First off shutdown your Guest VM so that you can add a second network interface. By default you should have one interface already which is using NAT. Leave this alone as it provides access to the internet. Select the tab “Adapter 2″ and change “attached to” to “Host-only Adapter”.
Now boot up your Guest and pull up a terminal. Run ifconfig to see what base address eth1 has been assigned.

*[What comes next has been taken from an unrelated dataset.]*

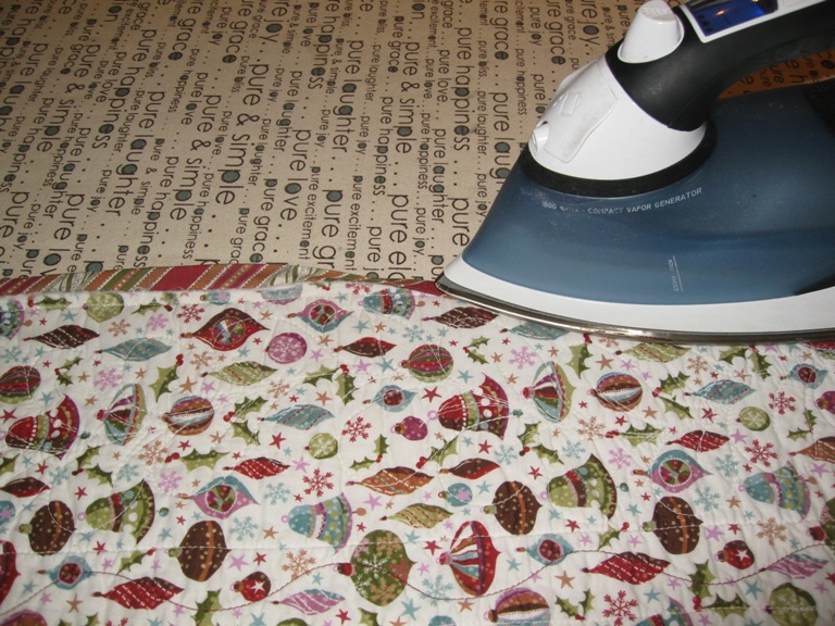 Attach your binding the way you normally do. **My bindings are cut at 2-1/8″ to 2-1/4″. This is an even distribution on binding on the front and back and allows you to just catch the back binding while using this machine binding technique.** After the binding is sewn down, iron your binding flat. This helps you pull it around to the other side. BTW, this is the best iron ever! I didn’t think anything could ever replace my Maytag cordless iron but this Reliable iron is sooo awesome!

You can use this address as a base to assign static IP addresses for each Guest VM. In this case inet addr:192.168.56.101 is the base IP address.
$ sudo ifconfig eth1
Link encap:Ethernet HWaddr XX:XX:XX:XX:XX:XX
inet addr:192.168.56.101 Bcast:192.168.56.255 Mask:255.255.255.0
inet6 addr: XXXX::XXXX:XXXX:XXXX:XXXX/64 Scope:Link
UP BROADCAST RUNNING MULTICAST MTU:1500 Metric:1
RX packets:296 errors:0 dropped:0 overruns:0 frame:0
TX packets:237 errors:0 dropped:0 overruns:0 carrier:0
collisions:0 txqueuelen:1000
RX bytes:32116 (31.3 KiB) TX bytes:37642 (36.7 KiB)
If you rely on DHCP you might get a different IP address each time your Guest VM reboots. If this is a problem, you need to setup a static IP address instead.
On a Debian based system edit /etc/network/interfaces to add the following lines. Change the address to your base IP address.
auto eth1
iface eth1 inet static
address 192.168.56.101
netmask 255.255.255.0
On a redhat based system edit this file /etc/sysconfig/network-scripts/ifcfg-eth1 and add the following lines. Change the IPADDR to your base IP address.
DEVICE=eth1
BOOTPROTO=static
IPADDR=192.168.56.101
NETMASK=255.255.255.0
On your Linux Host you can now open a terminal add ssh to the Guest VM:
$ ssh ryan@192.168.56.101
If you are having problems connecting, make sure that sshd in installed and running, and that the firewall on the is not blocking the SSH service on the VM.
You can create an entry in /etc/hosts so you don’t have to remember the IP address.
192.168.56.101 virtualhost1
This allows you to use the virtual hostname instead.